Вскоре мужчины остались за столом, Иванка позвала с собой Елицу и они вдвоем пошли в магазин. Вечерело, в воздухе носился сладковатый запах печного дыма, — видно, поблизости пекли хлеб. Далеко в поле равномерно, неутомимо стучал движок. В саду попискивали птицы, где-то у соседей верещал голодный поросенок.

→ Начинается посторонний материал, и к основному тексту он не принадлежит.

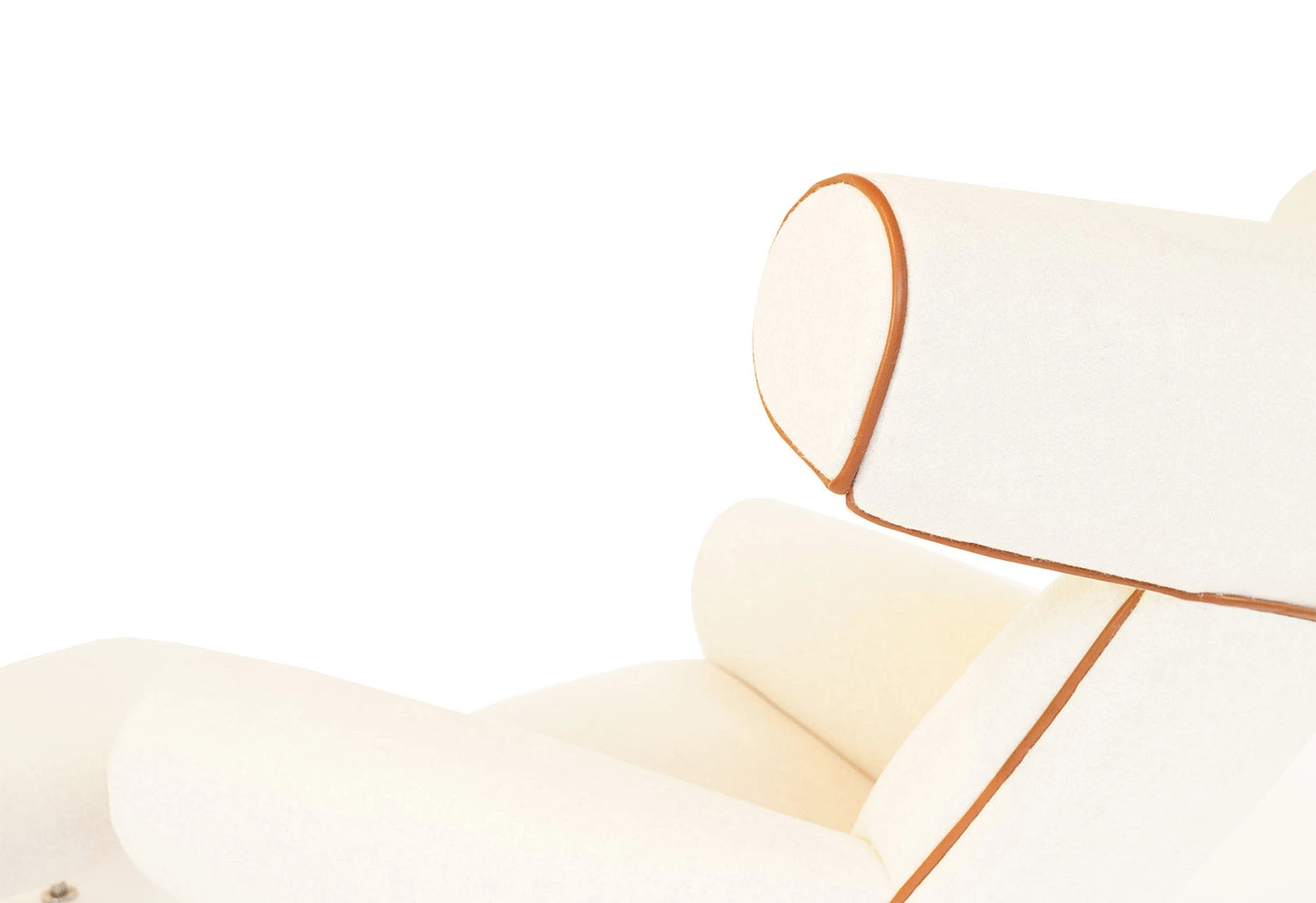 The construction of the timber frame is complex and the upholstery is designed to express expansive shapes of the seat, back, arms and ‘horns’.

— Состарились мы, Нягол, — сказал Мальо.

Они выпили.

— Еще год-два назад каждый божий день работали в кооперативе и еще назавтра оставались силы. А теперь уже нет. Проснешься посреди ночи, сказать, чтобы выспался — так нет, есть хочешь — тоже нет, болеть — ничего не болит. Сядешь на кровати, комната в глазах плывет, и ни встать тебе не охота, ни лечь. Посидим так-то с Иванкой в темноте, а она возьмет да и скажет: эх, Мальо, куда мы с тобой годимся, кругом неспособные оказались, хорошо, что есть у нас такие, как наш Нягол, не то и вовсе людей было бы стыдно.

— Это ты оставь!

— Говорю, как есть.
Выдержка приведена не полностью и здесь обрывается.